* [Exercise]
Repeat the whole listing word for word, skipping pictures.

### Information provided ###

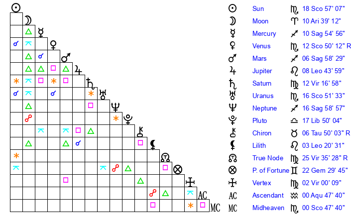 | Sun | 18 Scorpio 57 | 19 Scorpio 33 | 6 Capricorn 36 |
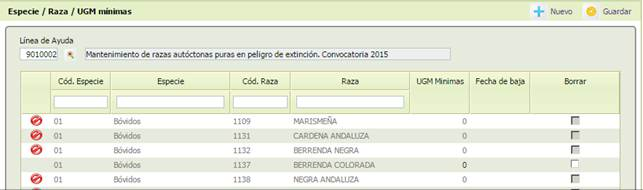 Elegida la línea, se mostrarán las especies / razas asociadas, con los campos:
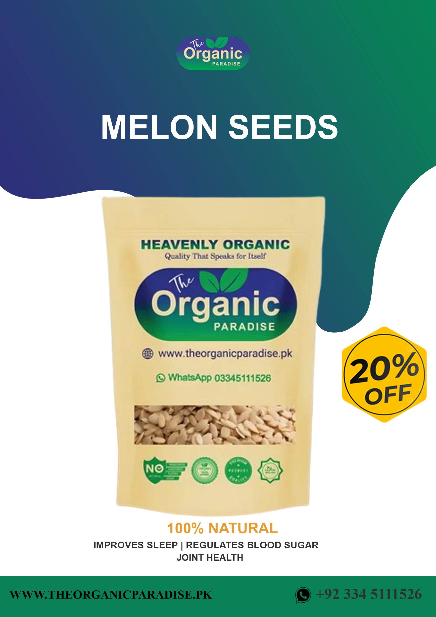 دی اورگینک پیراڈائز آپ کے لیے 100% خالص، اورگینک اور غذائیت سے بھرپور تربوز کے بیج لایا ہے، جو پروٹین، فائبر، صحت مند چکنائی، وٹامنز اور ضروری معدنیات سے بھرے ہوتے ہیں۔ یہ چھوٹے مگر طاقتور بیج دل کی صحت، بہتر ہاضمے، جلد اور مجموعی صحت کے لیے بہترین ہیں۔ ہمارا وعدہ آپ کی صحت کا خیال رکھنا ہے!
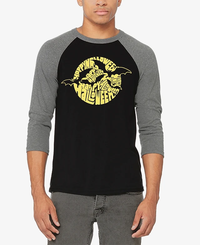La Pop Art Men's Raglan Baseball Halloween Bats Word T-shirt

###

* [Reply to the task]
 | Sun | 18 Scorpio 57 | 19 Scorpio 33 | 6 Capricorn 36 |
 Elegida la línea, se mostrarán las especies / razas asociadas, con los campos:
 دی اورگینک پیراڈائز آپ کے لیے 100% خالص، اورگینک اور غذائیت سے بھرپور تربوز کے بیج لایا ہے، جو پروٹین، فائبر، صحت مند چکنائی، وٹامنز اور ضروری معدنیات سے بھرے ہوتے ہیں۔ یہ چھوٹے مگر طاقتور بیج دل کی صحت، بہتر ہاضمے، جلد اور مجموعی صحت کے لیے بہترین ہیں۔ ہمارا وعدہ آپ کی صحت کا خیال رکھنا ہے!
La Pop Art Men's Raglan Baseball Halloween Bats Word T-shirt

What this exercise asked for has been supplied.